4. “He has something to finish.”
It should not be surprising to hear that the vast majority of Trump’s 90-minute stemwinder was spent on himself.
He spoke at length about the two indictments he now faces, saying that he viewed each one as a “great badge of courage.” (In a comment that will likely not help his legal case, Trump insisted that he “had every right to have these documents,” thereby appearing to confirm that he had the classified documents prosecutors alleged he kept.)
But I found it notable how much Trump tried to make the indictments into a collective experience — really, a collective grievance — and by how effective that strategy was among the audience. “I’m being indicted for you,” Trump said, “and I believe the ‘you’ is more than 200 million people that love our country.” The crowd roared in approval. (When I asked about the indictments, on two separate occasions, voters responded by saying he had already been acquitted, seemingly conflating impeachments with indictments.)
For someone known for his use of the word “I,” it was also interesting that Trump repeatedly used the phrase “when we become the 47th president,” emphasizing his voters’ role in his ascension.
To return to my first point, DeSantis is a well-liked politician among this slice of the Republican electorate. But Trump is the leader of a movement, not just a mere politician, a difference that comes across when speaking to GOP voters.
“I think he has something to finish,” Janet Niemeyer, the Pittsburgh great-grandmother told me.
After investing so much time and energy in supporting Trump over the past seven years, these voters were not ready to quit now.
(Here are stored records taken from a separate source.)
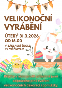 Základní škola Višňové Vás srdečně zve na velikonoční vyrábění, které se uskuteční v úterý 31. 3. 2026 od 16.00 hodin.
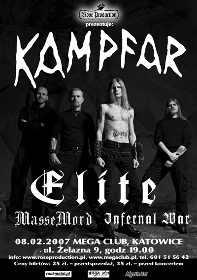 8 lutego w katowickim Mega Clubie odbędzie się koncert norweskiej grupy KAMPFAR. Jako support zagrają Elite, Infernal War i Massemord.
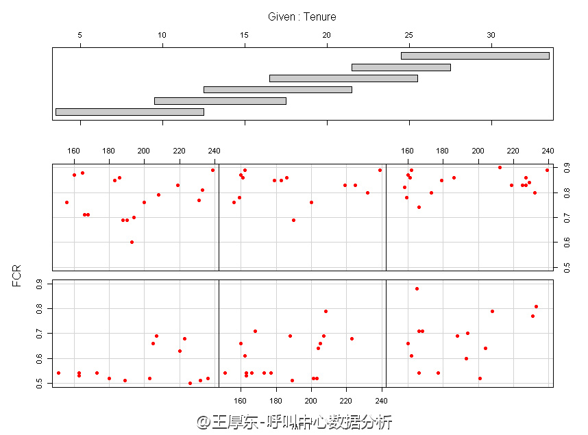 下图是一组FCR与AHT之间的关系受员工在职时长影响的探索示例,影响可能明显,也可能并不明显。
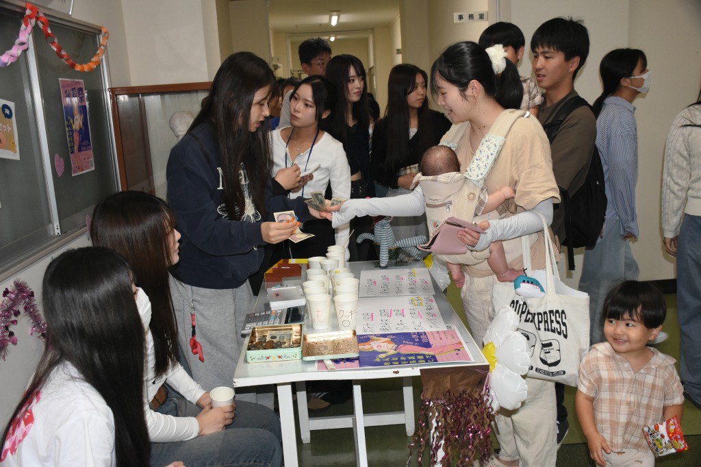 晴天に恵まれた9月27日(土)、「みんなの笑顔で地域を笑顔に」をテーマに学校祭(秋看祭)を開催しました。 この日は午前10時の開始と同時に、模擬店の券売コーナーには大勢の来校者の方々や学生が並び、焼きそばや焼き鳥、ババヘラアイス、フライドポテト、玉コン、フルーツジュースなどの購入券が飛ぶように売れていました。学生達が協力し合いながら“営業”する模擬店のほか、今年から初めてキッチンカーも来校。会場の食の賑わいに一役買っていました。 このほか校内には、オープンキャンパス校内ツアーや血圧測定のコーナー、輪投げやボーリングのコーナーなども設けられ、家族連れも含め訪れた大勢の方々が安くて美味しい食べ物に舌鼓を打ったり、楽しげにゲームに興じたりしていました。 投稿:教職員 事務長 [ 2025/09/27 ]
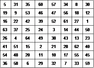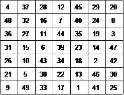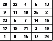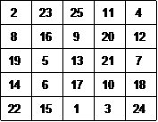 La seguente tabella di formule aiuta la costruzione di quadrati magici di ordine dispari
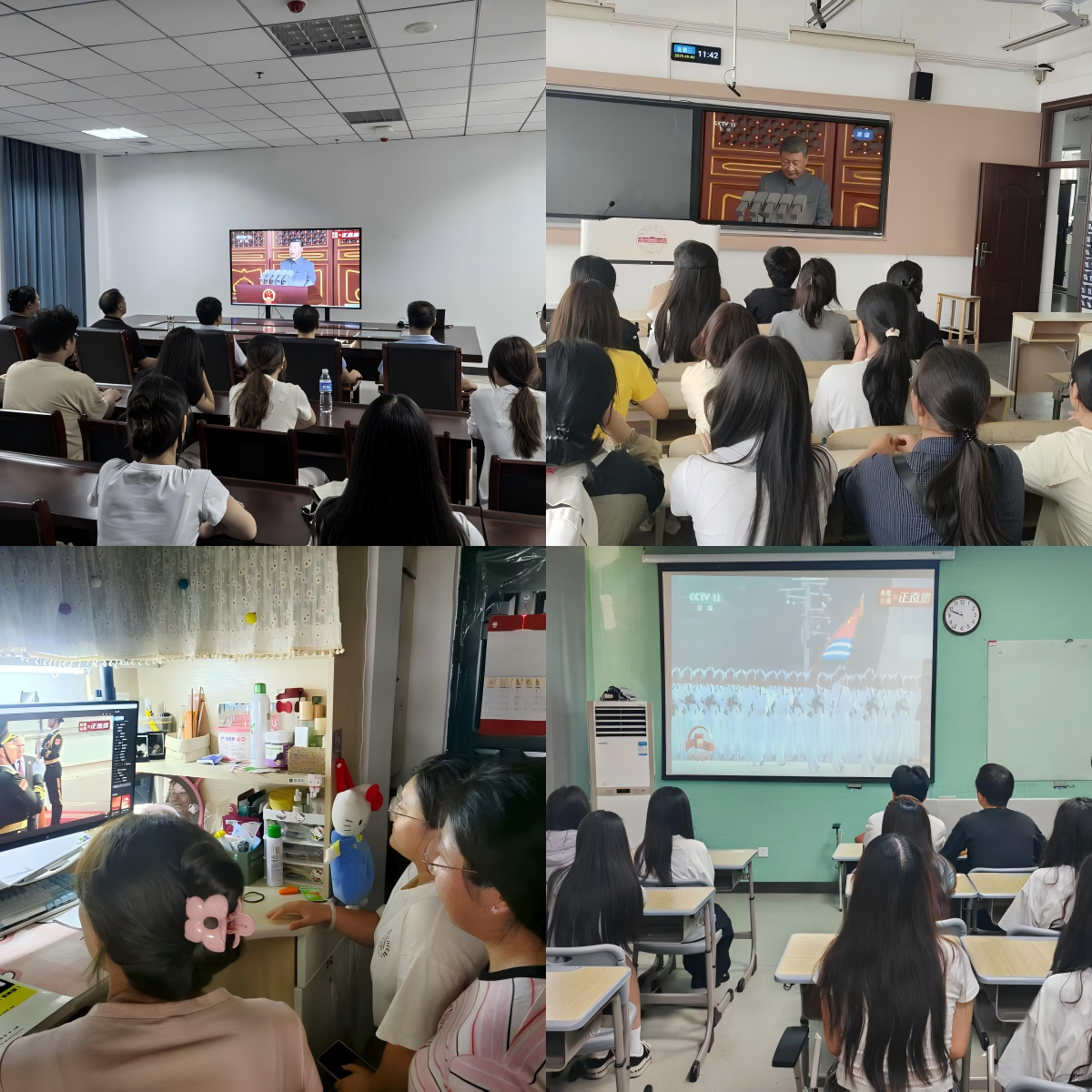 Beat365官方网站党委高度重视此次活动,精心组织、全员参与,将观看纪念中国人民抗日战争暨世界反法西斯战争胜利80周年大会现场直播作为一堂具有特殊意义的思政课,各党支部、各班级通过各种方式组织学习、观看,特别是还组织了2025级新生参与,掀起了Beat365官方网站上好开学第一课的活动高潮。(撰稿、摄影:陈浩然/受访者供图 审核:金忠良)

They believed the U.S. is in a “spiritual civil war,” as multiple speakers at the conference said, and that Trump was the sole candidate with the backbone to carry the GOP across the finish line.
“He is being hunted. He was in office for four years, and every day — for 365 days, times four — they were after him,” Tamu Davenport, of Baltimore, said. “I don’t know that anybody else is built for that.”
As Trump crowed from the stage on Saturday: “I’m probably the only president who’s been indicted and my numbers went up!”
More news you should know
RUSSIA: “As the dust settled on the most serious challenge in decades to Russian President Vladimir Putin’s authority, Washington and its allies struggled to make sense of a head-spinning series of historic events that saw mercenary forces race up a highway to within 120 miles of Moscow on Saturday, then abruptly turn back after their leader, Yevgeniy Prigozhin, agreed to stand down and go to Belarus for an uncertain exile.” — Washington Post
TRUMP INC: “Facing multiple intensifying investigations, former President Donald J. Trump has quietly begun diverting more of the money he is raising away from his 2024 presidential campaign and into a political action committee that he has used to pay his personal legal fees.” — New York Times
RACE TO WATCH: “Delaware Democrat Sarah McBride, who in 2020 became the nation’s first openly transgender state senator, is setting out to make history again – this time as the first out transgender person elected to Congress.” — The Hill
Today’s political planner
All times Eastern.
President Biden will deliver remarks at 11:45 a.m. on expanding high-speed internet access. Later, he will have lunch with Vice President Harris.
The House and Senate are both on recess this week.
The Supreme Court will release orders at 9:30 a.m. Later this week, the justices are expected to deliver opinions in the term’s most highly anticipated cases, on affirmative action, student loans, LGBT rights, and the “independent state legislature theory.”